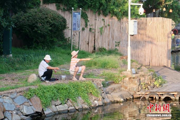 7月19日,江西省南昌市八一公園內,釣魚愛好者持小魚竿悠哉垂釣。朱瑩 攝
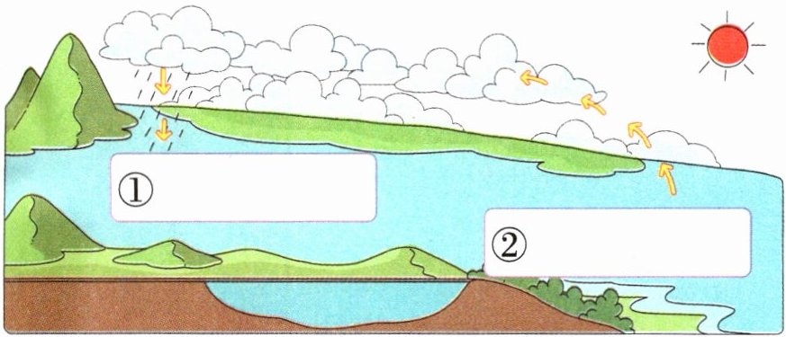 3. [新趋势·学科融合]地球上的水在陆地、海洋及大气之间处于不间断的循环之中。文中的画线句以诗意的语言描述了水循环的部分过程,请将“大海的叹息”“天空的泪水”填入右图。
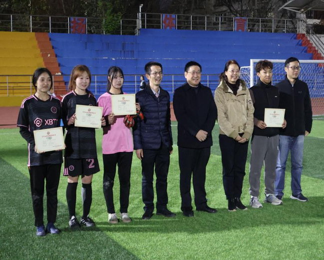 绿茵点亮梦想,激情挥洒青春。12月6日下午,“特师杯”第八届大学生女子足球比赛闭幕式暨颁奖仪式在taptap田径场举行。校党委常委、副校长、校体育运动委员会主任陈克军,taptap竞彩足球主持工作副院长金梅、直属党支部副书记谢军,学工处副处长蔡锦与获奖团队、学生代表共同参加了本次闭幕式。
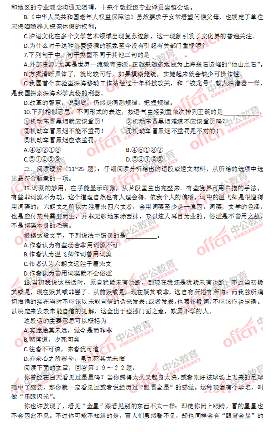 2014上海市公務(wù)員考試行測(cè)(B類)
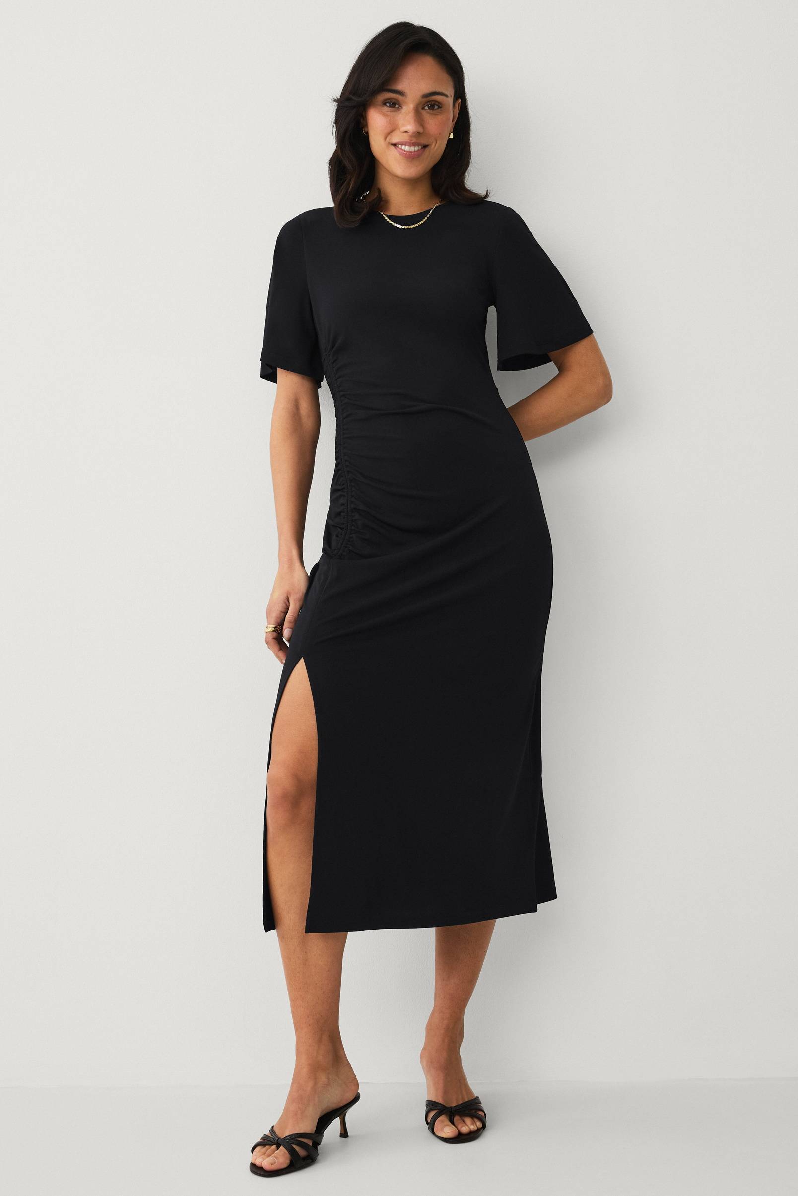 • Elastisk kjole• Rund halsudskæring• Korte sommerfugleærmer• Rynket drapering i den ene side• Slids nederst i den ene side• Normal pasform• Længde: 126 cm i størrelse S
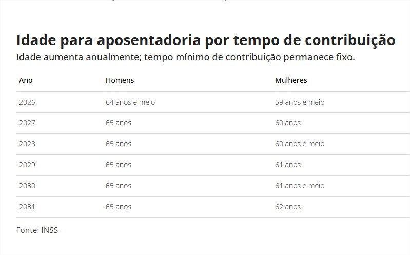 - O tempo mínimo de contribuição é de 30 anos para as mulheres e de 35 para os homens.
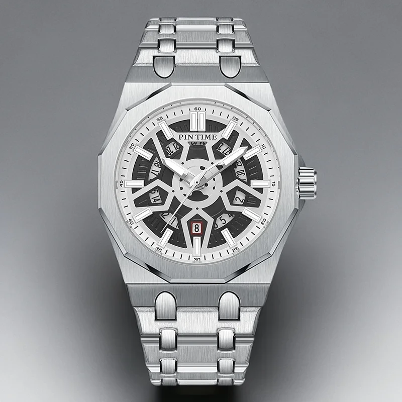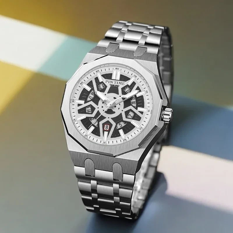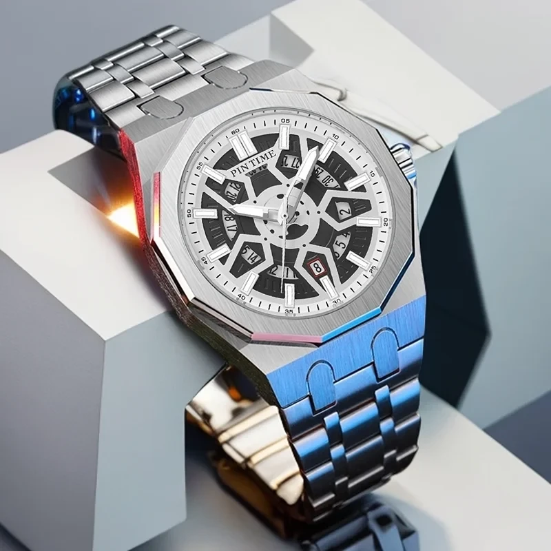"Luxury and precision meet in the PINTIME watch. With a 45mm dial, water resistance up to 3 ATM and elegant Roman numerals, this stainless steel watch is the perfect accessory for those looking to stand out with style and sophistication. Take time to another level!"
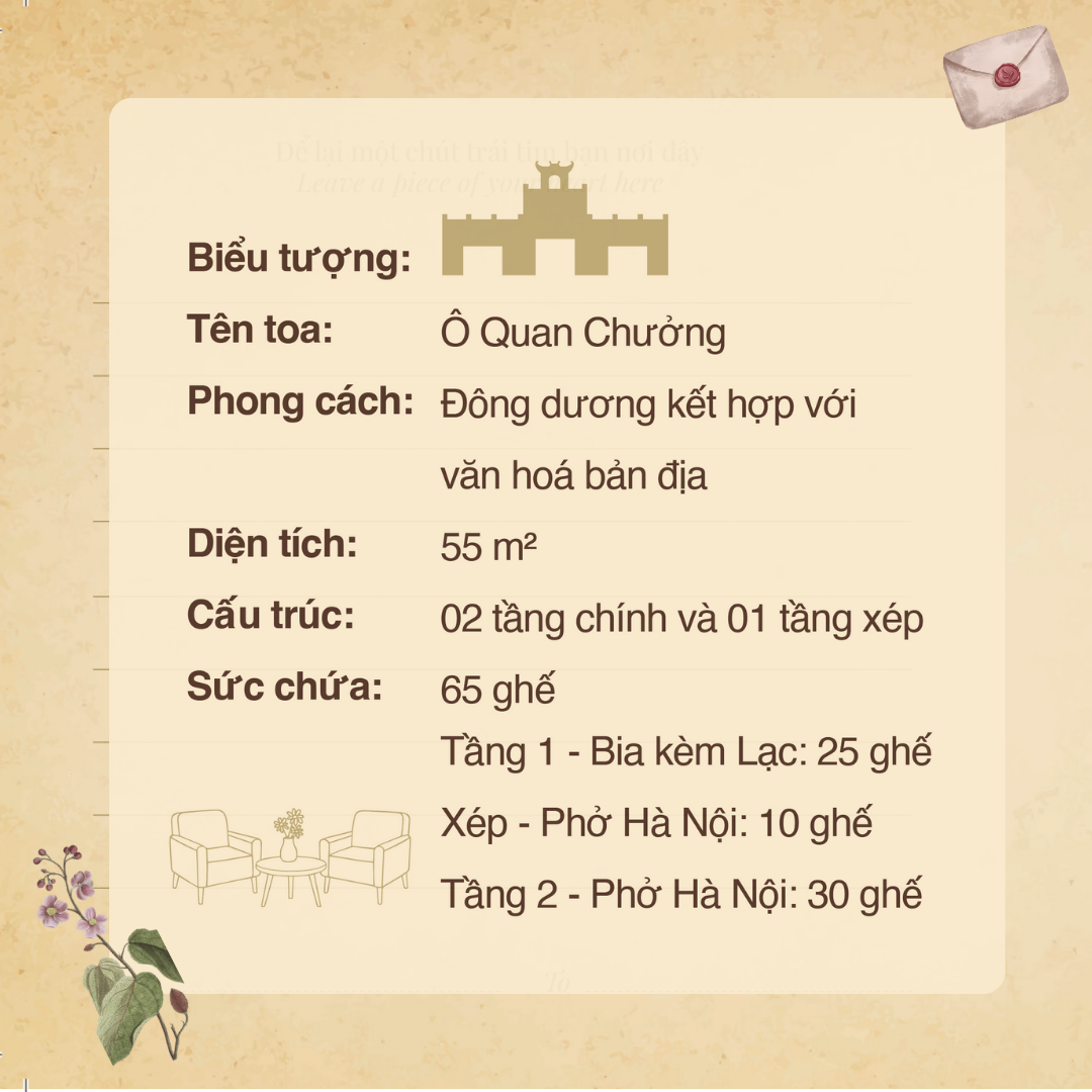 Ô Quan Chưởng được kiến tạo như một bảo tàng ký ức di động, nơi dòng chảy lịch sử và nghệ thuật được lồng ghép qua từng lớp vật liệu và đường nét. Bước vào cửa ô này, bạn thấy mình như hiện diện trong một bức tranh giao thoa giữa sự kiên cố của di sản Đường sắt và vẻ lãng mạn của Kiến trúc Đông Dương – Pháp cổ, vốn là những mảnh ghép quý giá của Hà Nội.
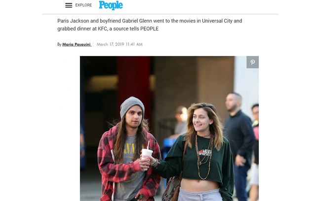 Mais tarde, Paris foi vista ao lado do namorado, Gabriel Glenn, durante um passeio por Los Angeles. O casal foi ao cinema, segundo a People, e jantou em no KFC. Em imagens, a dupla aparece sorrindo. No Instagram, a jovem publicou uma foto do jantar com Gabriel.
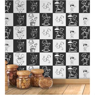 Papel De Parede Azulejo Decorativo Cozinheiro Preto E Branco
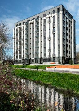 Район Юдиттен, парк Теодора Кроне за забором, озеро на территории. Закрытая территория, видеонаблюдение, детские площадки. К8 Комьюнити-центр: кафе, коворкинг, детская игровая, поликлиника, магазин. Удобный выезд к центру, Сельме и побережью Балтики. Первая очередь заселена — можно приехать и посмотреть вживую.
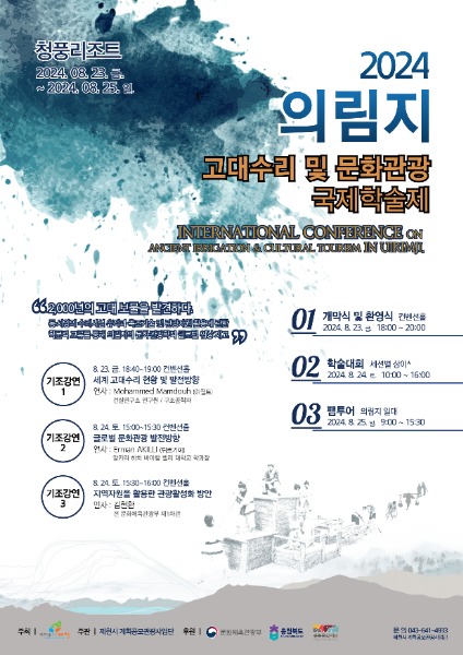 제천시 계획공모 관광사업단은 오는 23일부터 25일까지 2박 3일간 청풍리조트와 제천시 일원에서 ‘2024 고대수리 & 문화관광 국제학술제’ 행사를 개최한다.
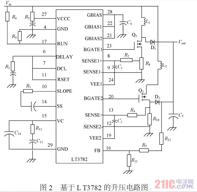 針對這一問題,該文提出基于兩相步進升壓型DC/DC控制器LT3782設計大電流輸出的升壓型DC/DC模塊的方法。
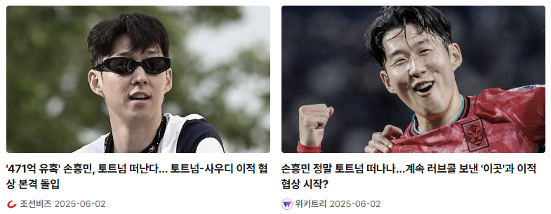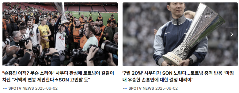 영국 일간지 더선은 "사우디 클럽들이 손흥민을 호날두의 대체자로 주목하고 있다"며, 올여름 거액의 제안이 오면 토트넘이 그의 이적을 고려할 수 있다고 보도했습니다. 손흥민의 사우디행 가능성이 재점화된 셈입니다.
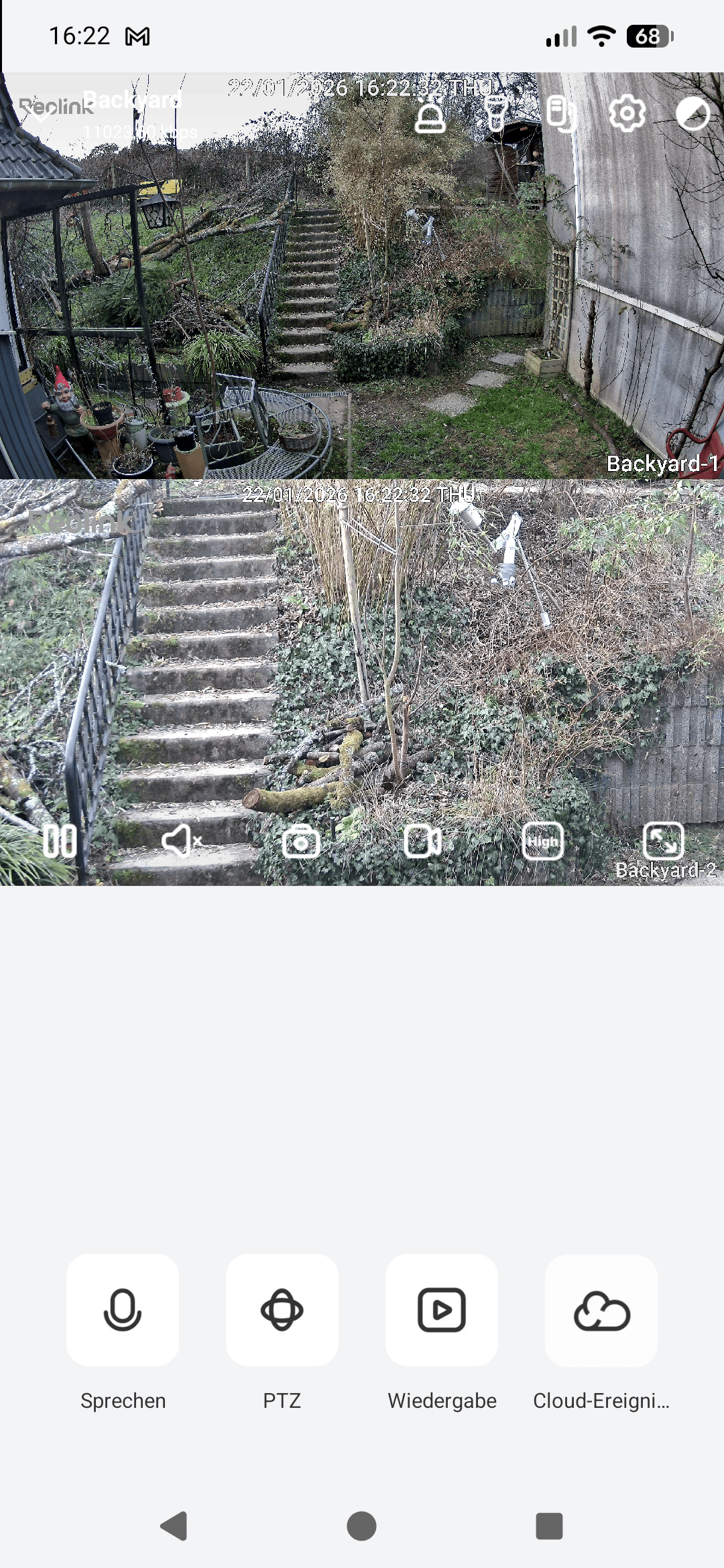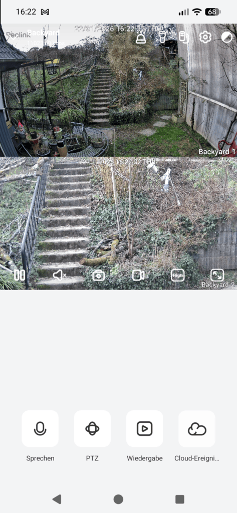 Dort siehst du beide Kamerastreams, kannst manuell Fotos und Videos aufzeichnen, die Zwei-Wege-Kommunikation starten, die Scheinwerfer einschalten und natürlich auch die Kamera drehen und schwenken.
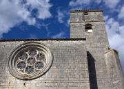 Eglise romane de plan rectangulaire, reconstruite au XIIIe siècle selon les plans de l’abbaye de Cluny dont elle dépendait. A demi détruite aux XIVe et XVe siècles, elle devint en 1555 une église collégiale avec un prévôt et 24 chanoines. Une rose composée de sept roses accolées orne le mur occidental au-dessus du portail. Classée Monument Historique en 1923.
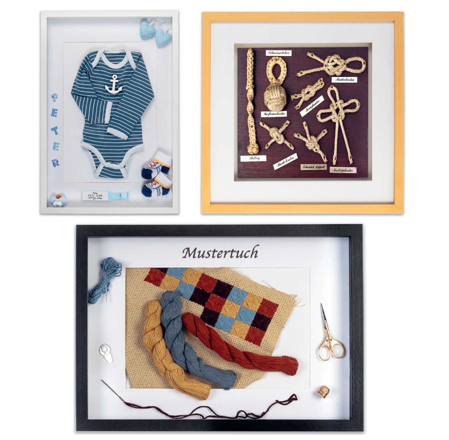 Tilakehykseen voi myös lasin ja taustaan asettaa tuotteita, esim. paidan, vauvan vaatteita, solmuja...
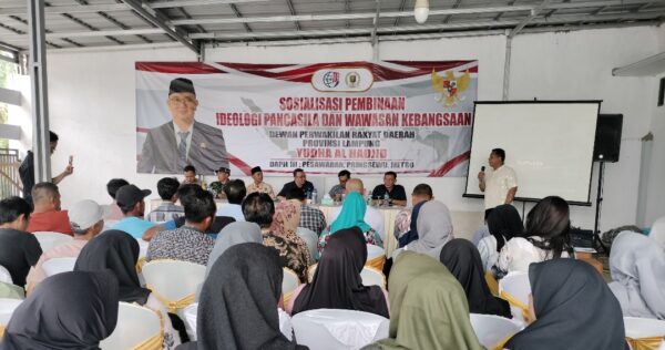 Pesawaran – Giat perdana anggota DPRD Provinsi Lampung periode 2024-2029, mensosialisasikan Pembinaan Ideologi Pancasila dan Wawan Kebangsaan secara serentak di masing-masing Dapil. Hal tersebut bertujuan untuk, memberikan penguatan, pemahaman secara utuh tentang dasar negara Indonesia yaitu Pancasila.
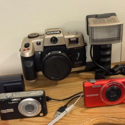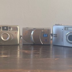 Här är en samling av kameror. Olympus kameran fungerar o har ett minneskort som följer med. Dom andra ej funktionstestade
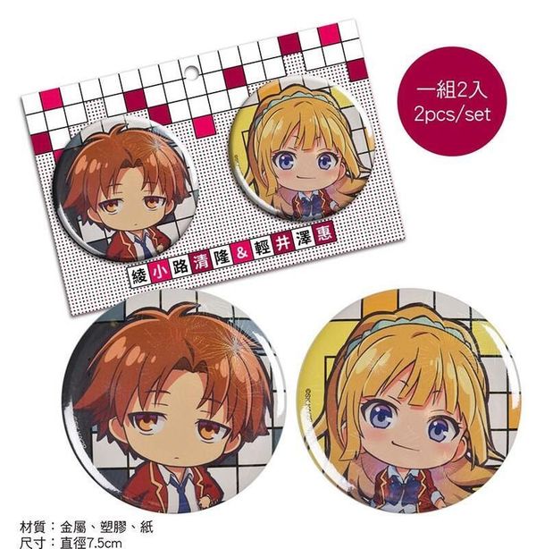 MUSE-歡迎來到實力至上主義的教室 正版 金屬 雷射 胸章 徽章 兩個裝 胸針 心口針 扣針 背包 襟章 裝飾 木棉花 實教 綾小路X輕井澤 (A款) 【平行進口】
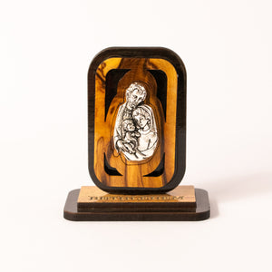 Statuetă Sfânta din Lemn de Măslin cu Icoană Metalică încastrată, lucrată în Betleem
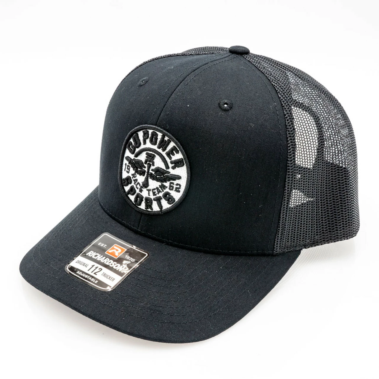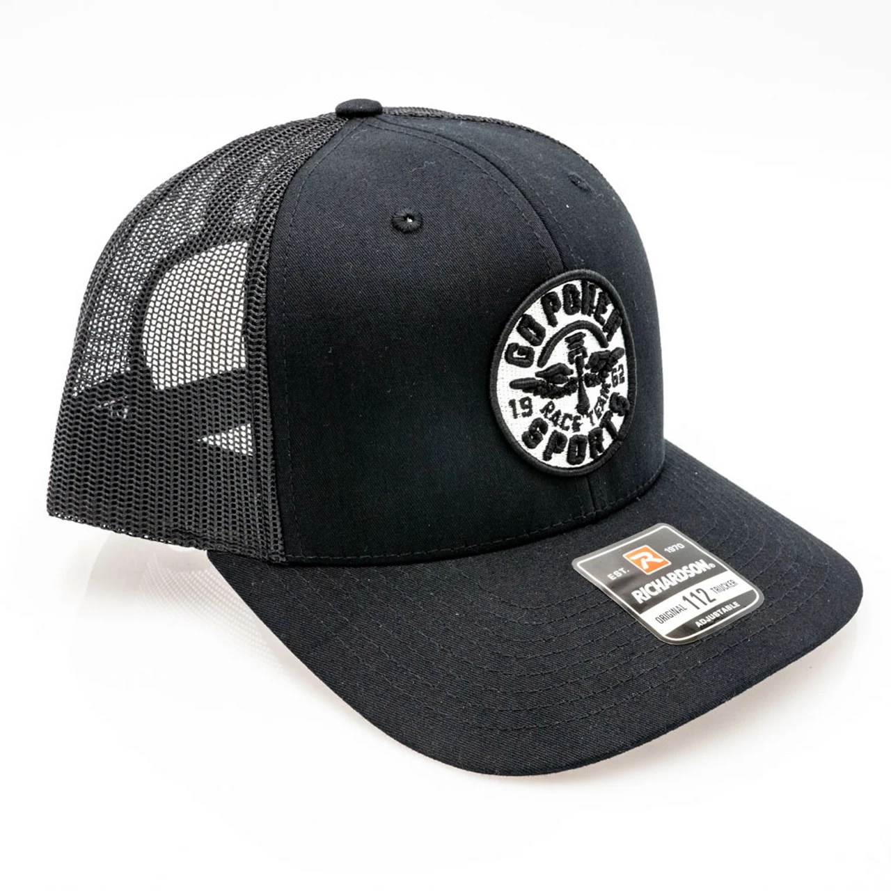 Black Richardson 112 Snapback Mesh Hat with our Race Team logo embroidered in 3D.

● ● ●

### Problem to solve
Return the lines above from the one with "Ô Quan Chưởng" through the one with "Papel De Parede", verbatim and nothing else. Omit every picture.

### Exercise response
 Ô Quan Chưởng được kiến tạo như một bảo tàng ký ức di động, nơi dòng chảy lịch sử và nghệ thuật được lồng ghép qua từng lớp vật liệu và đường nét. Bước vào cửa ô này, bạn thấy mình như hiện diện trong một bức tranh giao thoa giữa sự kiên cố của di sản Đường sắt và vẻ lãng mạn của Kiến trúc Đông Dương – Pháp cổ, vốn là những mảnh ghép quý giá của Hà Nội.
 Mais tarde, Paris foi vista ao lado do namorado, Gabriel Glenn, durante um passeio por Los Angeles. O casal foi ao cinema, segundo a People, e jantou em no KFC. Em imagens, a dupla aparece sorrindo. No Instagram, a jovem publicou uma foto do jantar com Gabriel.
 Papel De Parede Azulejo Decorativo Cozinheiro Preto E Branco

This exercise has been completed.